Khiladi is the first installment in a series of unrelated films that share the Khiladi title and feature Akshay Kumar in the lead role. The subsequent films include Main Khiladi Tu Anari (1994), Sabse Bada Khiladi (1995), Khiladiyon Ka Khiladi (1996), Mr. and Mrs. Khiladi (1997), International Khiladi (1999), Khiladi 420 (2000), and Khiladi 786 (2012).

==Plot==

Raj Malhotra, Boney, Neelam Chaudhary and Sheetal are four college pranksters. Raj is the younger brother of Inspector Suresh Malhotra, Sheetal is the daughter of wealthy Kailashnath and Neelam is a rich heiress with her uncle as her only living relative. Raj and Neelam fall for each other. Sheetal and Boney too fall for each other

Raj is a habitual gambler, who has yet to lose, but when he bets that he can extort money from Kailashnath, the gang gets skeptical but agrees to help him. As per the bet, they trick Kailashnath into believing that Sheetal is kidnapped, while in reality, they have housed themselves in a cottage outside Bombay belonging to Pillai. When Raj makes the bet, he decides that Boney will pose as a kidnapper with him. Raj puts his plan into action and Kailashnath gets panicked and decides not to alert the cops. However, one of his aides becomes suspicious. On deciding that Sheetal has been kidnapped, Suresh is saddled with the case. Learning this, the group panics. Kailashnath, however, delivers the money, ignorant of the development.
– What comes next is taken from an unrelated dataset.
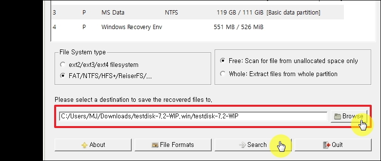 마지막으로 복구한 usb 파일을 저장할 폴더를 지정합니다. [Browse] 버튼을 클릭하면 폴더의 주소를 지정할 수 있습니다. 여기까지 마쳤다면 [Search] 버튼을 눌러 파일 복구 작업을 진행합니다.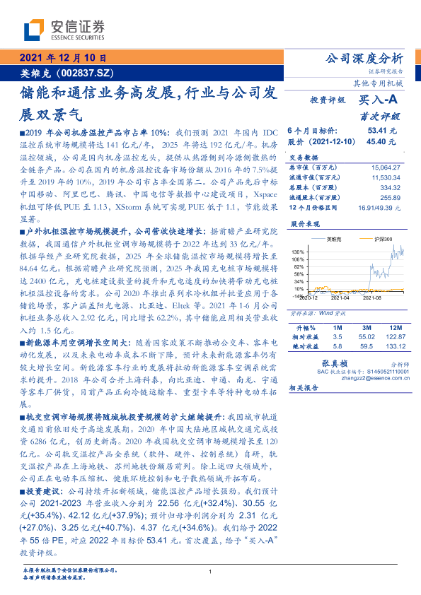 储能业务 新能源车用空调 机房温控 轨交空调 通信业务

Raj and Boney recover the money and go to meet the still skeptical females. Neelam sees them coming and goes to receive them. She is surprised to see the money and the trio calls Sheetal.

Sheetal arrives with a strange look on her face and collapses dead, revealing a knife in her back. The gang is taken aback by this unexpected development, but quickly recovers and hides Sheetal's body before anyone gets a scent. They successfully evade the suspicions of Suresh and finally manage to hide Sheetal's body in the decklid of a car parked in a theatre parking. Sheetal's body is found, and her kidnappers become prime suspects. Meanwhile, some strange developments are taking place: a dancer named Julie blackmails Kailashnath. It is revealed that Julie is a well-known dancer, but has been blackmailing Kailash for quite some time.

She asks a hefty amount; Kailashnath refuses where Julie threatens and tells him to attend a dance show she has arranged. There, Kailashnath is supposed to give her the money as a prize. Neelam gets a surprise when her uncle shows up to see how she is doing. Coincidentally, he is going to attend the function too. Raj and Boney decide to participate. On learning about Julie's meeting with Kailashnath, Suresh thinks that there is more to the case than it appears. Boney gets on stage to dance with Julie and in the middle of the dance, recognises her as the woman, who nearly killed Neelam and Sheetal and decides to confront her.

After the show, Neelam goes to her hostel while Raj goes home. Meanwhile, Suresh becomes confident that the trio is involved in the case. He confronts Raj, who tells the truth. Here, Boney comes to meet Julie, only to see her dressing room door is locked. He hears some voices and peeps through a keyhole.

Julie is with a man whom Boney is unable to see. Boney's suspicion proves correct as he hears Julie tell the man that she tried to kill the gang on his orders. She blackmails the man, too, and he kills her. At this point, Boney sees the killer and flees. The killer is alerted of Boney's presence and sends goons to kill him. Raj and Suresh try to find Boney after they realise that he is missing. Meanwhile, Boney is stabbed and about to be killed by the goons when the brothers arrive. After Raj single-handedly takes on the goons, Boney tells him that Neelam is in danger before becoming unconscious.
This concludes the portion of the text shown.